RTS crash with 9.8.1
Summary
I'm working on implementing a production system via a rete network, using STM. When I add certain productions, I get an exception thrown due to a lens
Fold
folding an empty list.
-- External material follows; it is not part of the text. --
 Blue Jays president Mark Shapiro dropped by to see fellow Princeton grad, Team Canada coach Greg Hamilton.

When trying to debug this in GHCi I added a breakpoint to the function where the empty Fold occurs, and before the Fold even happens, about two seconds after hitting the breakpoint, GHCi crashes with the following:
ghci> :break Rete.ReteEffect.matchFromToken
Breakpoint 0 activated at src/Rete/ReteEffect.hs:(437,34)-(470,85)
ghci> import ForTesting
ghci> testCommand "add rules {\"rule\" (state <snake> * *) (<n1> <n2> <n3>) (<c> <g> <b>) --> (<n1> <n2> <n3>) (<c> <g> <b>)}"
Stopped in Rete.ReteEffect.matchFromToken, src/Rete/ReteEffect.hs:(437,34)-(470,85)
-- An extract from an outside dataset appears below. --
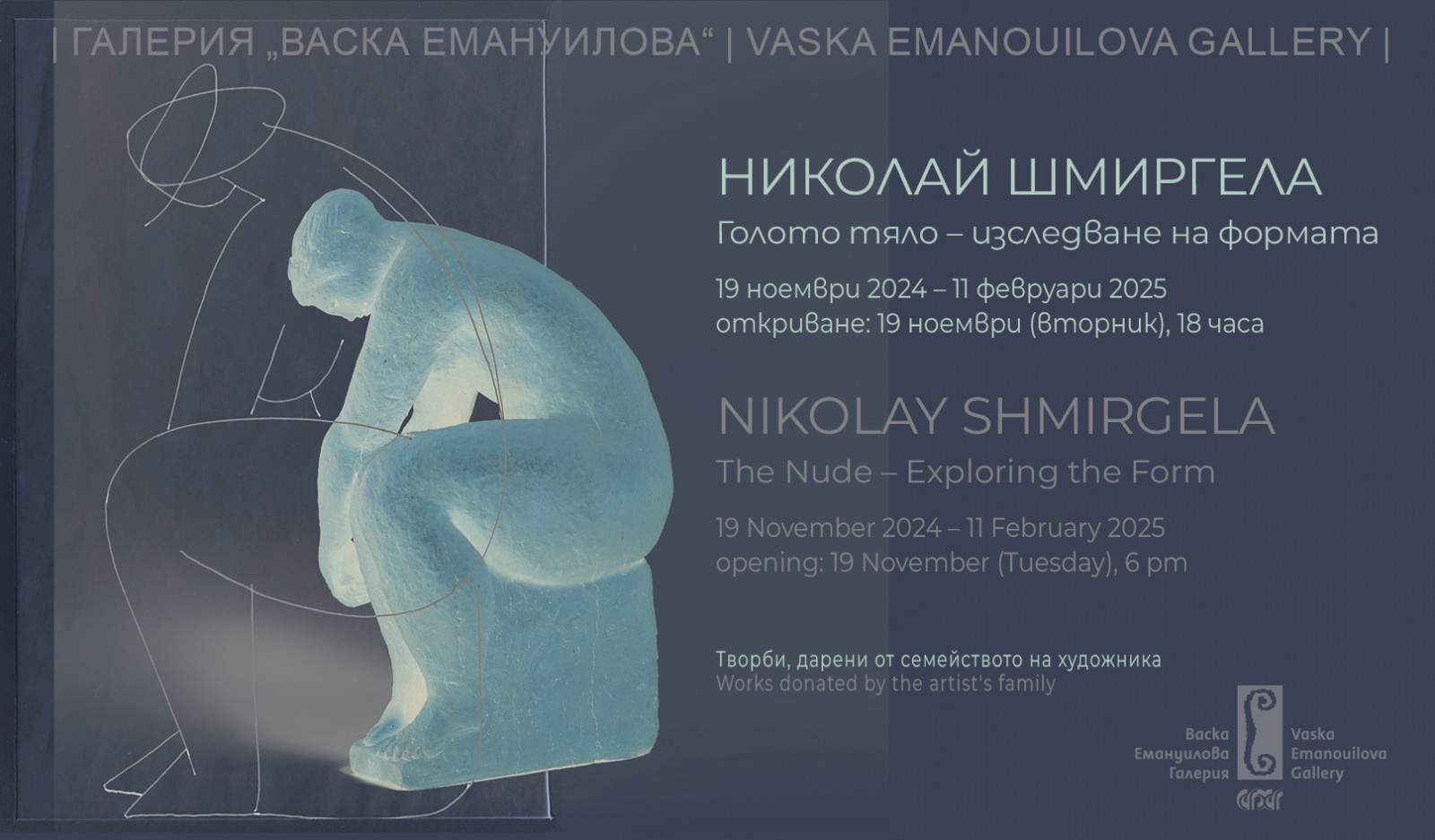 "Николай Шмиргела. Голото тяло – изследване на формата" е изложба, която проследява пластичните търсения на автора в края на 60-те и началото на 70-те години на XX век.

_result :: Sem r Core.WME.RuleMatch = _
tok :: Core.WME.WMEToken ? Core.WME.IsProductionToken = _
token :: Rete.Types.Tokens.WMEToken' Core.WME.WMEMetadata = _
[src/Rete/ReteEffect.hs:(437,34)-(470,85)] ghci> <interactive>: internal error: evacuate: strange closure type 636340344
Stack trace:
0x7fffef73027f set_initial_registers (/nix/store/20m2ha1x3rq3aiwg87asapqxv2hzgzw1-ghc-9.8.1/lib/ghc-9.8.1/lib/x86_64-linux-ghc-9.8.1/libHSrts-1.0.2_thr-ghc9.8.1.so)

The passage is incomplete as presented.